Cal Poly Humboldt is a Hispanic-Serving Institution that strives to foster an inclusive and equitable community to support our students of diverse backgrounds. We are committed to achieving the goals of equal opportunity and endeavors to employ faculty and staff of the highest quality committed to working in a multicultural and multiracial community that reflects the diversity of the state.
Finding a better future is a task for the bold and open, the down-to-earth and visionary. Cal Poly Humboldt strives to cultivate these qualities in leaders, innovators, and scholars in every field.
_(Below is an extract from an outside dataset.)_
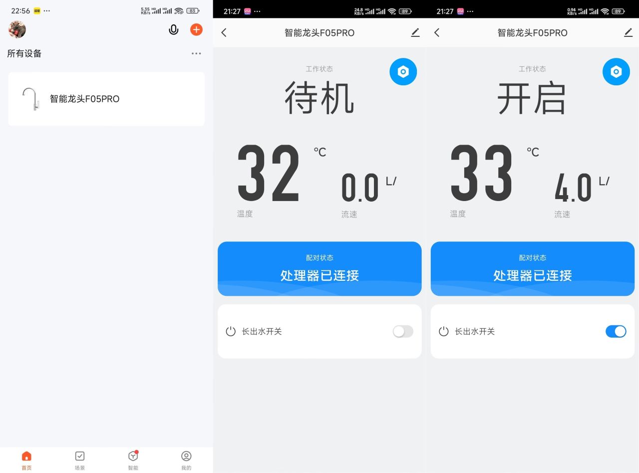 ▼貝克巴斯這款超級感應龍頭F05 PRO支持綁定軟件,下載一個塗鴉APP,就可以輕鬆連接這個水龍頭了。軟件的界面很簡單、明瞭,默認界面可以顯示水龍頭的開啓、關閉狀態,水溫、流量,以及廚餘垃圾處理器的連接情況。

(Job #542450) Administrator II, Information Security Officer, Hiring Range: $10,000 - $13,417/month. This is a full-time, benefited, exempt, 12-month pay plan permanent position in Information Security. This position is an Administrator II in the California State University Management Personnel Plan (MPP). Under this plan, incumbents are subject to normal management reviews and serve at the pleasure of the University President. Additional information can be found at: http://www.calstate.edu/HRAdm/policies/mpp.shtml. This position comes with a premium benefits package that includes outstanding vacation, medical, dental, and vision plans, life insurance, voluntary pre-tax health and dependent care reimbursement accounts, a fee waiver education program, membership in the California Public Employees Retirement System (PERS), and 14 paid holidays per year. Additional benefits information can be found at https://hraps.humboldt.edu/employee-benefits. Please note that this is an internal recruitment open only to active, stateside, Cal Poly Humboldt Employees.
Position Summary:
The Information Security Officer leads the campus-wide information security program within Information Technology Services. Reporting to the Chief Information Officer, the Information Security Officer is responsible for managing information security assessments, planning, operations, awareness, training, intrusion detection/prevention, incident response, risk assessment, and compliance. The Information Security Officer works collaboratively to strike a thoughtful balance between improving security posture, leveraging available resources, enabling necessary functionality to meet business objectives, and enabling innovation.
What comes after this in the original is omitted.